I re-examined the startegies - found that the overprice strategy was not a sound amrketing principle and changed it. Business picked up significantly (75% more within 3 months - some of which was hangover marketing from teh previous months to be fair - and a steady increase every month throught the rest of year one). Then, combined with Referral Reqards marketing in Year 2, business boomed.

I am not here to make anyone believe in any one strategy. I am offering an alternative strategy that has proven successful for me, and I think can be easier and meet with more immediate success for newbies.

My respect for Nick and his proven marketing expertise is shared by many. His advice is sound.

The temptation for new people trying to compete with established businesses is to “give it away” at what they call a “competitive” price. They exchange money for referrals that established companies get for free, thus adding even more to their cost per inspection…and inspection, by the way that they discount in price to begin with. They call this “marketing”.

What Nick, and the author he has published on this thread are advocating is to establish a reasonable fee that you wish to make…then expend your marketing efforts to convince your prospective clients that you are worth that price.

Even unestablished companies get referrals for free.
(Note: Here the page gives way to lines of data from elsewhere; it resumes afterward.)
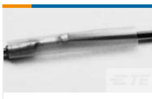
TE 产品编号CV25362001 RW-175-E-1/16-X-STK
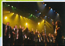
BROWN BLESSED VOICE
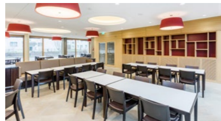
Alters- und Pflegeheim «Länzerthus» in Rapperswil

The trick is not to get them - that will happen anyway if you are good. The trick is to get LOTS of them and actively encourage it -there by increasing business more rapidly and increasing the base of potential references more rapidly.

I would not expect you to subscribe to this proven, effective technique either since you have argued against it in the past. The fact remains, however, that it is works (and is also used effectively by dozens of other professions - as documented in other threads).

Marketing takes many forms, and pricing strategies as an element of marketing is an accepted and effective practice. Boutique pricing strategies are more difficult to use successfully - this is one reason that there are fewer small mom and pop stores and more Lowe’s, Walmarts, etc.

New inspectors often have a difficult time marketing themselves as worth an over-inflated price since there is no experience, referral base, or other tangible element to market. (Simply selling training and tools won’t cut it at the high end of the market place.)

Pricing is an individual issue to be set, as desired, by each individual inspector. Some will subscribe to your theory (hopefully ALL of my local competition) and some will try mine. Having tried both, I have found the latter to provide a faster start up, with an easily maintained (and increased) rate of business.